Robert D. Berger, St. Louis Park
I was surprised to see recent articles that talked about Minneapolis’ mental health crisis response team without acknowledgment that mental health crisis response teams are not a new intervention or a unique pilot program, but rather an existing (and critical) part of our existing mental health system.
Contracting with a private provider connected to just one city may be a new approach, but every county in Minnesota maintains a 24/7 mobile crisis team (and have for years). In fact, Hennepin County’s team, called COPE (which covers the city of Minneapolis along with the rest of the county), has been providing mobile crisis services since 2006 and responds to thousands of calls every year.
Unfortunately, these services are notoriously underfunded. However, with the right resources (such as those the city of Minneapolis has set aside) and connections to the 911 dispatch system, they can play a critical role in providing mental health crisis services.
Mobile crisis response is a difficult service to provide and staff, so it’s not surprising to hear about the struggles the Minneapolis team has experienced over the last two years.
As we continue to build out our mental health system to meet growing needs, we must build upon the existing crisis system, not create new layers that cause confusion. In the future, let’s ensure that we leverage experienced crisis teams, provide adequate funding to them and, at the very least, acknowledge the mobile crisis response system that existed long before the new Minneapolis team got started.
The writer is executive director, Mental Health Minnesota.
People who make our communities better places to live often go unheralded. One of them recently died.
Tony Hill was 57. He was the driving force behind the bell concerts that ring from the clock tower in Minneapolis City Hall.

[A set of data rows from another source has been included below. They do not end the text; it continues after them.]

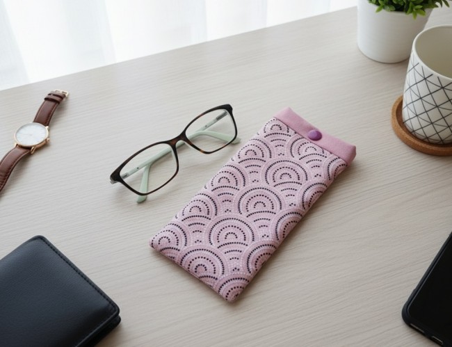 Etui à lunette en simili rose et tissus coton imprimé fleurs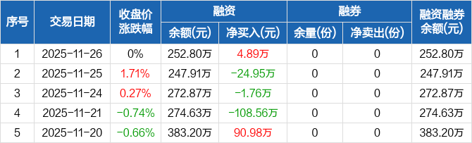融资方面,当日融资买入446.07万元,融资偿还441.18万元,融资净买入4.89万元。融券方面,融券卖出0份,融券偿还0份,融券余量0份,融券余额0元。融资融券余额合计252.8万元。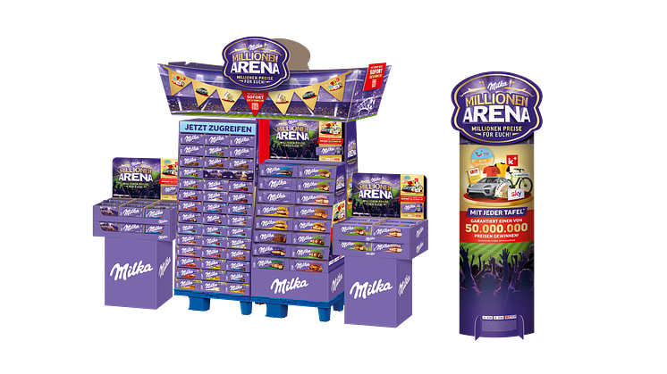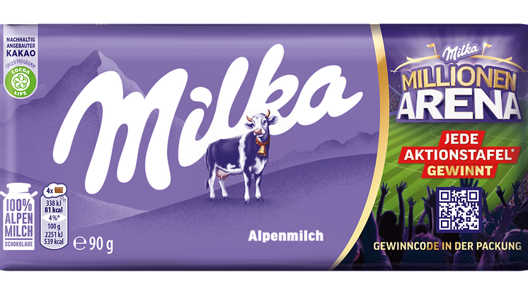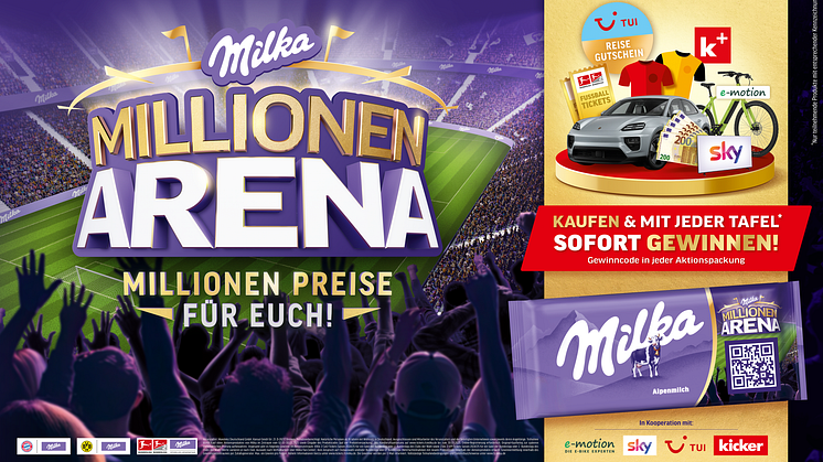 Der Beginn der neuen Saison 2025/2026 markiert den Höhepunkt in diesem Jahr: Im dritten Quartal 2025 startet Milka die „Millionen-Arena“ mit mehr als 50 Millionen Sofortgewinnen – denn jede Aktionstafel ist ein Gewinn. Es warten attraktive Preise: Geldgewinne im Wert von einer Million Euro, Autos, E-Bikes, Reise-Gutscheine, Tickets für Spiele der Bundesliga / 2. Bundesliga und vieles mehr. Ein besonderes Highlight: Ein exklusives Erlebnis als Sky-Ballträgerkind. Partner wie Borussia Dortmund und FC Bayern München, Sky, Kicker, TUI und e-motion ermöglichen eine Vielzahl an weiteren attraktiven Gewinnen. Auch hier ist die Teilnahme einfach: Milka Aktionstafel kaufen, den individuellen Gewinncode, der sich auf der Verpackungsinnenseite befindet, auf der Website www.fcmilka.de eingeben und sofort erfahren, was man gewonnen hat. Auch hier kann nach dem Kauf weiterer Aktionstafeln mehrfach teilgenommen werden. Die Aktivierung läuft von KW 31 bis KW 43.

He helped create and organize the free concerts performed by volunteers nearly every Friday lunch hour every summer and on occasional Sundays, holidays and memorable occasions like the deaths of famous locals such as Kirby Puckett and Prince — scores of bell concerts every year.

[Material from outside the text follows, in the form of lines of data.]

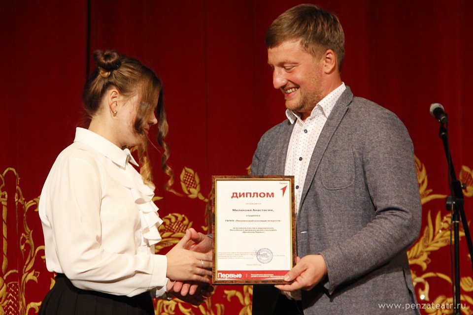 Председатель Совета регионального отделения «Движения первых» Сергей Холюков вручил благодарственные письма активистам организации. Особых благодарностей за содействие деятельности Движения были удостоены Сергей Казаков и врио директора театра Александр Минаев.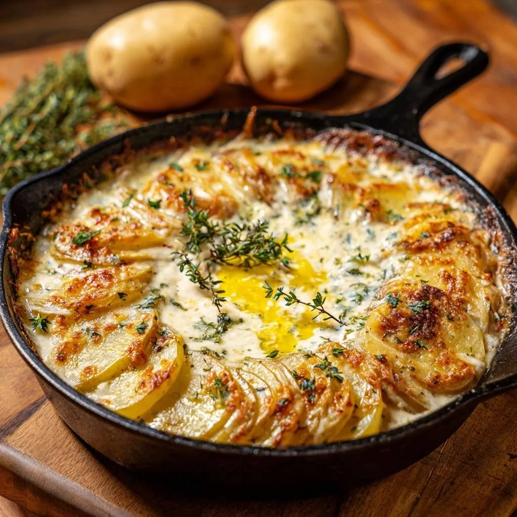 Picture this: that perfect bite where creamy potatoes melt against a shatteringly crisp top, all without a hint of sogginess. You’ve probably battled watery gratins before, where layers turn to mush because excess moisture ruins everything. This cast iron skillet version fixes it with one game-changing step.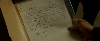 Le Zodiac, une « créature de cinéma » ? C’est en effet l’autre clé analytique du film. Certes, le 7ème Art, et plus précisément le système hollywoodien, aura fini par digérer cette figure criminelle insaisissable au travers du Dirty Harry de Don Siegel en 1971 (soit au moment précis où l’enquête se mettait soudain à piétiner), mais les prémices de l’investigation avaient déjà laissé filtrer un lien évident avec Les Chasses du comte Zaroff – le tueur chercherait-il à se constituer son « royaume de victimes » comme Zaroff chassait le gibier humain sur son île ? Certes, les indices que le serial-killer laisse aux médias et aux policiers sont de nature à brouiller les pistes – son symbole désigne-t-il un viseur, un logo de montre ou une amorce présente sur le countdown inaugural d’une bobine de film ? Certes, le récit va même jusqu’à balancer un nouveau suspect en la personne d’un vieux projectionniste de cinéma, au détour d’une scène très angoissante dans un sous-sol glauque. Mais si le Zodiac appartient moins à la réalité qu’à la fiction, c’est parce que sa réalité à lui n’est pas la même que celle de ceux qui le traquent. Les signes qu’il laisse derrière lui – en particulier ces fameuses lettres cryptées dont le sens reste sujet à caution – ne forment ainsi qu’un bricolage hasardeux, un amas de choses grappillées à droite et à gauche, pour ne pas dire des preuves circonstancielles que les armes les plus concrètes de toute investigation policière (balistique, graphologie, identification par empruntes, etc…) ne cessent de reléguer à l’état de preuves indirectes. Ainsi s’impose le Zodiac : coincé à jamais dans le hors-champ métaphysique, codé et crypté comme son langage. Et de ce fait, en tant qu’homme-orchestre conscient du vertigineux matériau théorique qu’il avait entre les mains, Fincher ne pouvait que faire meilleur écho à cette figure paradoxale en l’incarnant via une mise en scène elle-même cryptée par la texture éminemment trompeuse de la HD.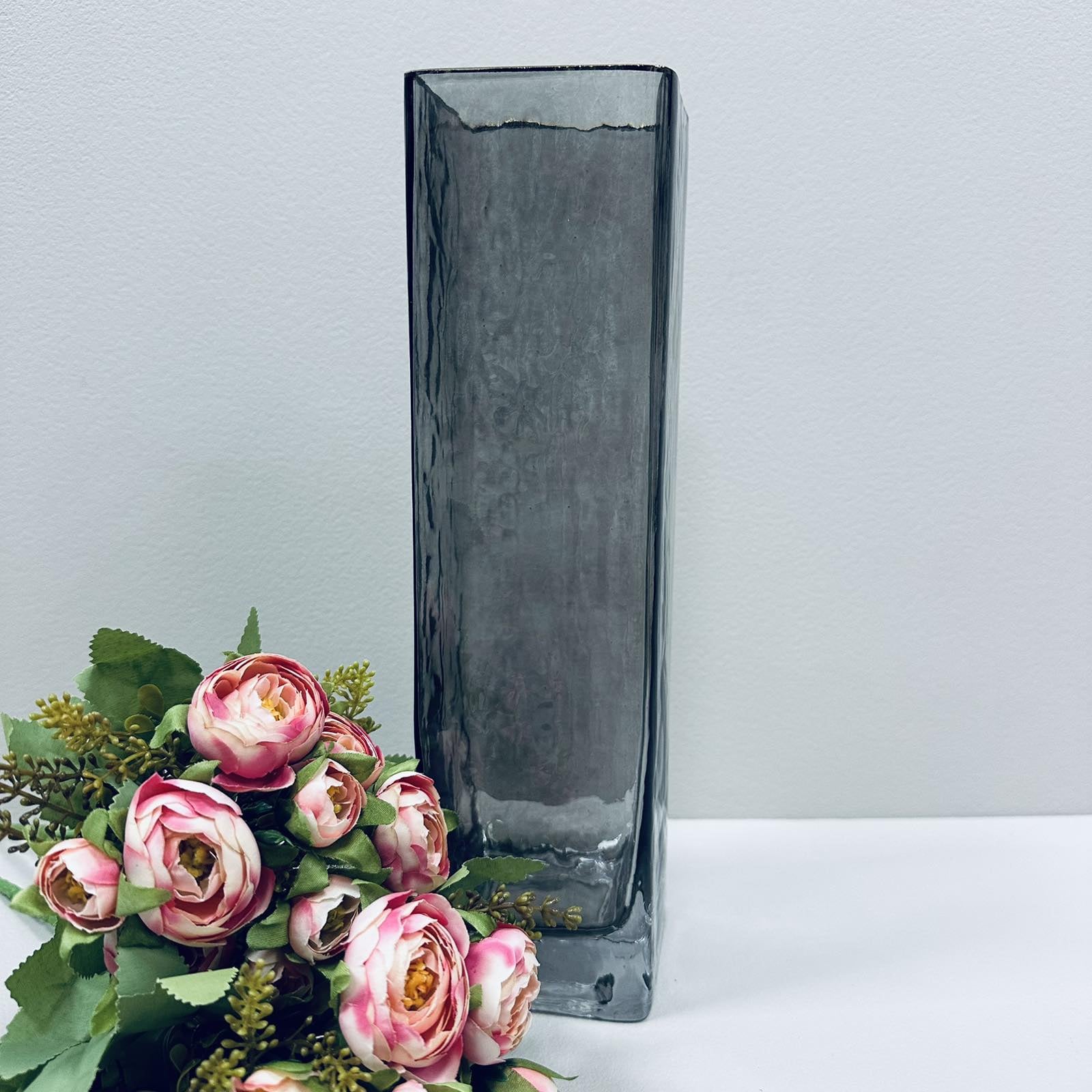Ваза скляна для квітів Stenson R95315 Emerald 29,5 см Сірий (23468)

He often played the bells himself, including midnight performances every New Year’s Eve.
He was meticulous about researching which famous songwriters had birthdays on the dates of bell concerts and then building his programs around their compositions. He was fussy about keeping track of when particular tunes were no longer covered by copyright laws and could enter the public domain — although I expect most composers would be delighted to have their works played on the bells anytime, copyrights or not. He built a library of sheet music that bellplayers could use for their own programs.
He dreamed of raising enough money to have the 15 bells tuned and to add more to broaden the playable repertoire and to make Minneapolis known internationally for its bellplaying capabilities.
He also discouraged volunteers from playing certain tunes, such as some by famous American composer Stephen Foster, because their lyrics contained Black dialects considered demeaning generations later. That revived the issue of whether melodies should be judged on their own merits regardless of lyrics or the backgrounds of their composers.
Tony, a political scientist, spent years earning his Ph.D. from MIT and was proud to add “doctor” to his credentials. A scheduled bell concert at noon on Aug. 11 at City Hall will be dedicated to Tony Hill for championing the chimes that will ring out over downtown Minneapolis long beyond his passing.
Dan Wascoe, Golden Valley
The writer is a retired Star Tribune reporter/columnist and a volunteer bellplayer at Minneapolis City Hall.